Efficient context mechanisms from Bob MacGregor on 2003-01-10 (www-rdf-interest@w3.org from January 2003)

From: Bob MacGregor <macgregor@ISI.EDU>
Date: Fri, 10 Jan 2003 11:02:15 -0800
To: Dave Reynolds <der@hplb.hpl.hp.com>
Cc: www-rdf-interest@w3.org, jena-dev@yahoogroups.com
Message-Id: <5.1.1.6.0.20030110104721.00b66778@tnt.isi.edu>
Dave,

I'm switching to a new thread, because issue of contexts is getting
confused with the reification issue, and to some extent they are
separable.

On Friday, January 10, 2003, at 02:57 AM, Dave Reynolds wrote:
      Bob,
      Most of your points are probably best addressed by Pat, or others, 
but there
      were two side comments that I wanted to respond to.
          We would be happy to send you the source code for Loom or
          PowerLoom if you want to see what an efficient (and very clever) 
context mechanism
      looks  Interesting. Do you have any references to papers on this 
(other than the source
      code itself)? I've read some of the papers on the Loom classifier but 
not seen
      any on the context system.

I'm sorry, but the answer is no, we don't have any write-ups on the Loom 
context
mechanism(s). However, I will give you some highlights here. The core 
implementations
of contexts in PowerLoom and Loom are virtually identical, so for the 
sequel I'll just use the term
Loom.

In Loom, contexts reside in a tangled hierarchy. Statements themselves have no
assigned truth values. If memory serves, Loom uses a three-valued logic (T, 
F, and U),
and PowerLoom uses a 5-valued logic (adding default T and default F).
PowerLoom can also allow numeric/probabilistic values to be associated with 
statements.
The context mechanism doesn't care how many truth values are being 
manipulated;
the machinery is orthogonal to that issue.
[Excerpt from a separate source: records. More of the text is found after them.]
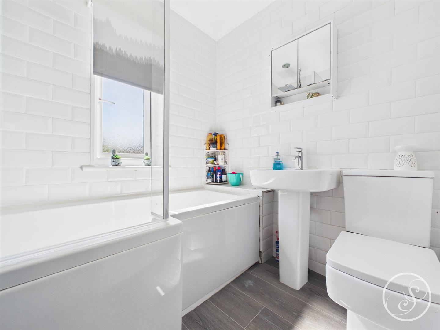 Bathroom - Fitted with a modern white suite comprising bath with shower over, wash hand basin and wc. In addition there is tiling a double glazed window and a heated towel rail.
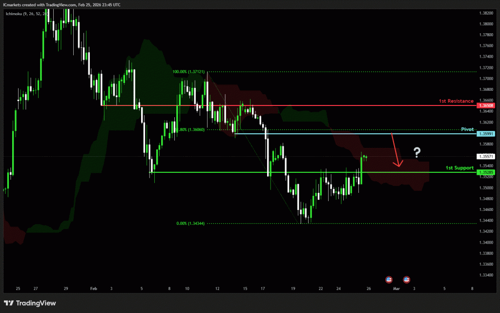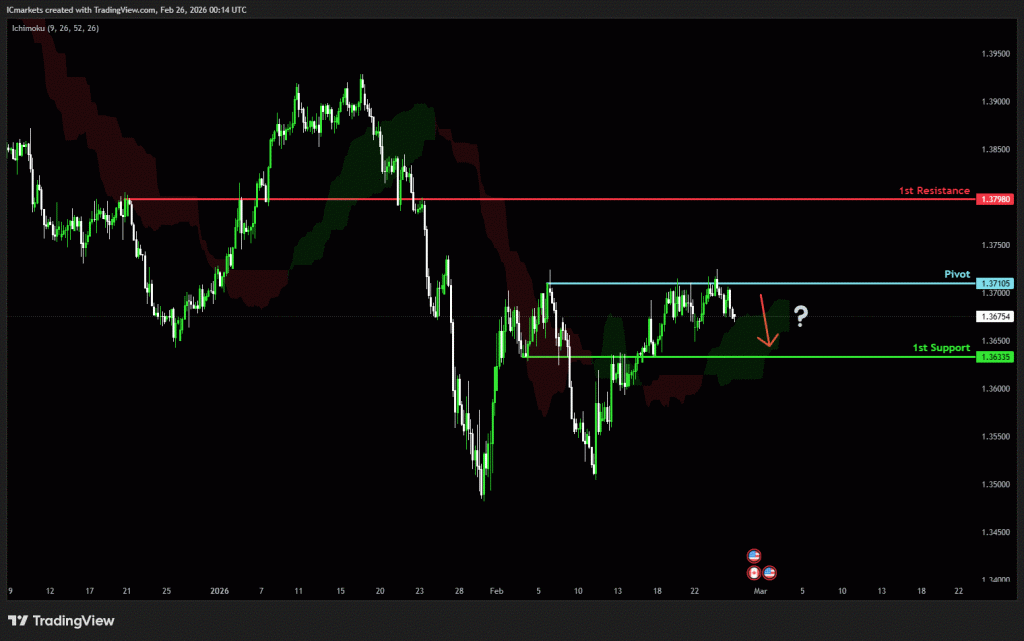 The price could see a short-term pullback toward the pivot before continuing its bearish move down toward the 1st support.
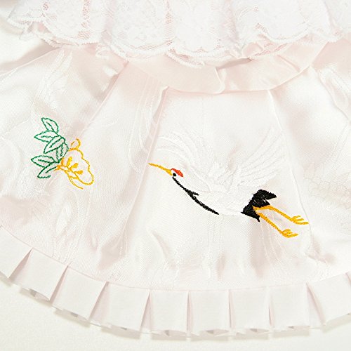 - 涎掛けには縁起物の鶴と松が刺繍されており、フードにはレースがあしらってありますので豪華さもしっかりあります。
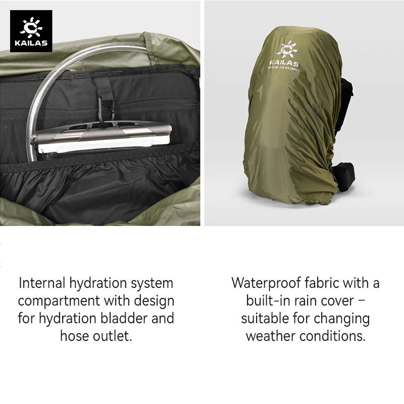 – Internal hydration system compartment with design for hydration bladder and hose outlet.
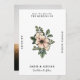 Double sided save the date card with a pretty floral design on one side with all the information about your upcoming wedding, and a photo of the two of you on the other side.
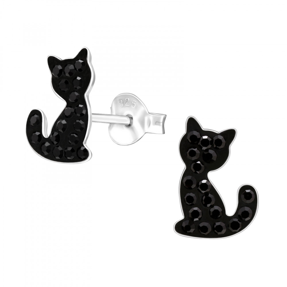 Cat - 925 Sterling Silver Black Crystal Ear Studs. 6.8 mm x 10 mm.
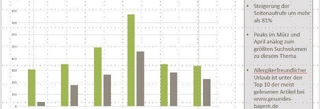 Die in diesem Jahr erstmals unter Gesundes Bayern realisierte Marketingkampagne "Allergikerfreundlicher Urlaub" ist sehr erfolgreich verlaufen. Der projektspezifische Marketingmix erreichte die Zielgruppe u.a. mit ganzseitigen Advertorials in wichtigen Print-Medien (Gesamtauflage 700.000 Stück), über wichtige Online-Portale, wie z.B. netmoms.de mit über 10.000 views und dazugehörigen Facebook-Posts mit Reichweiten von über 25.000.
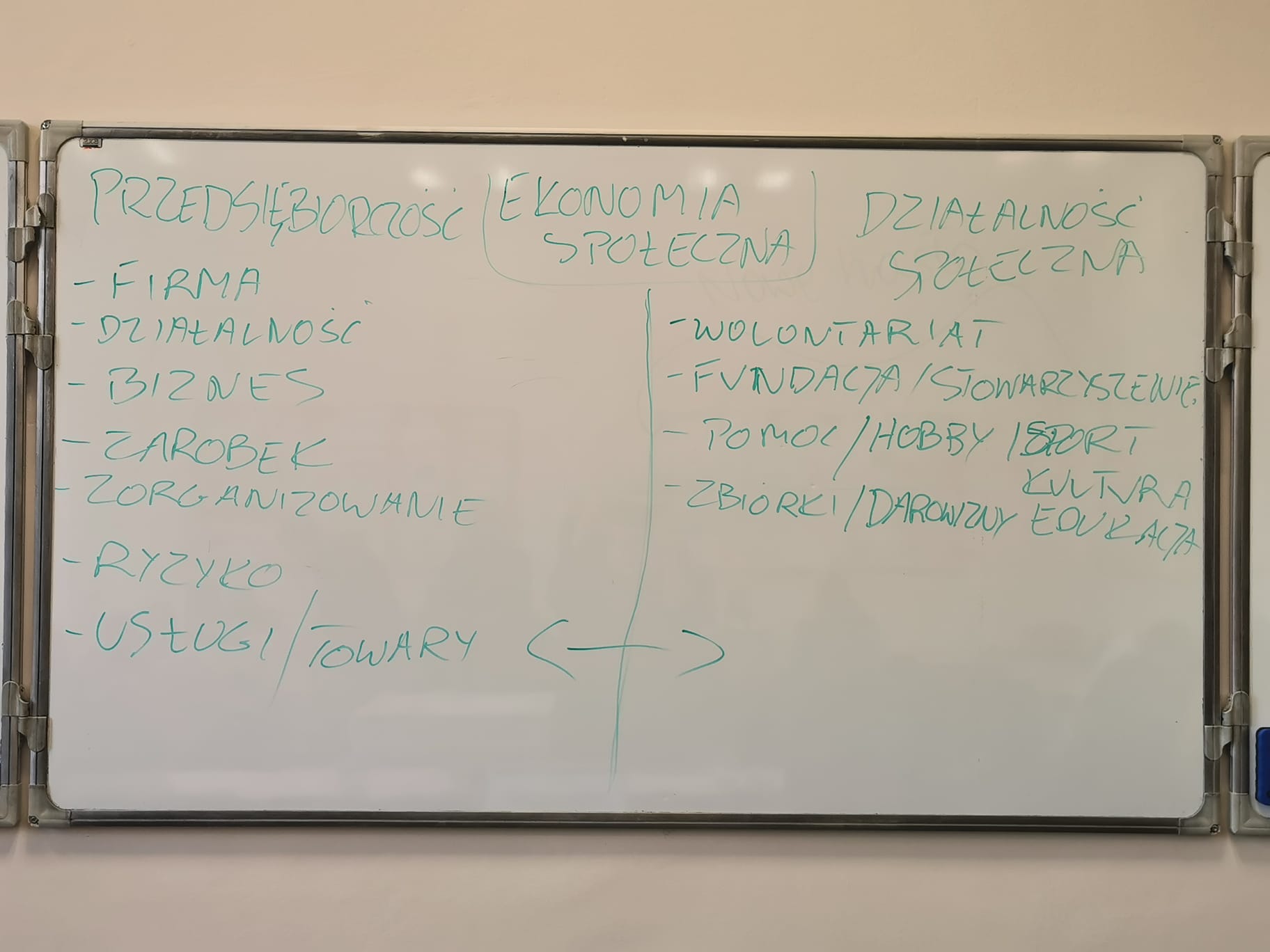 Te niezwykle ciekawe i dynamiczne zajęcia pozwoliły uczniom dowiedzieć się czym jest ekonomia społeczna oraz jak ważną rolę w aktywizowaniu i wspieraniu osób zagrożonych wykluczeniem społecznym pełnią przedsiębiorstwa społeczne. Do grup szczególnie zagrożonych wykluczeniem społecznym należą przede wszystkim osoby: długotrwale bezrobotne, bezdomne, uzależnione i izolowane. Uczniowie poznali ustawy i rozporządzenia szczególnie ważne dla sektora ekonomii społecznej i formy prawne ich prowadzenia – fundacje, spółdzielnie, towarzystwa ubezpieczeń wzajemnych, zakłady aktywności zawodowej, warsztaty terapii zajęciowej itp. Dowiedzieli się na czym polega idea banków czasu i jak można spożytkować swoją wiedzę i umiejętności dla dobra lokalnej społeczności.

I will use the term 'statement' to refer to a logical sentence, and
'assertion' to refer to a statement having an assigned truth value. 
Assertions residing in a
context A are inherited by all contexts that are descendants of A.
These assertions can be overridden, so if context B inherits an assertion 
stating that S1 is true, B
may contain an assertion that in it (and its descendants) the truth value 
of S1 is false,
or unknown, or whatever.

This context mechanism, then, is about as general as you might imagine along
certain dimensions. It was invented, as I mentioned earlier, by Austin 
Tate's group
in Edinburgh. They needed it because their planning system, OPLAN, was 
designed
to explore large numbers of possible worlds/models, and they needed a very
efficient context switching mechanism. They were so enamored of their context
mechanism that they envisioned re-engineering it in silicon. However, I 
don't think
that ever happened.

Unfortunately, Austin's group didn't ever publish their context mechanism. 
That
was OK with us, because they gave us their source code, and it was only about
a page of C code, easily decipherable. We generalized their algorithm in 
two ways --
we generalized it to handle multiple inheritance, and we invented a notion 
of a
'home context' that significantly reduces the space requirements in the 
average
case (the case where a truth value for a statement is asserted in one and 
only one
context). Unfortunately, we never wrote up our algorithm either. Its 
written in
Common Lisp, and its only a couple of pages, but certain aspects of it are
counter intuitive.  Furthermore, some of the stuff is implemented as a part
of the language itself, rather than as a part of the application (I have a 
third
implementation of contexts where the code is pulled back out of the
language; its not that much different).
I would guess that Tom Russ, Loom's caretaker, would be more
than happy to elaborate on the details if you cared to contact him.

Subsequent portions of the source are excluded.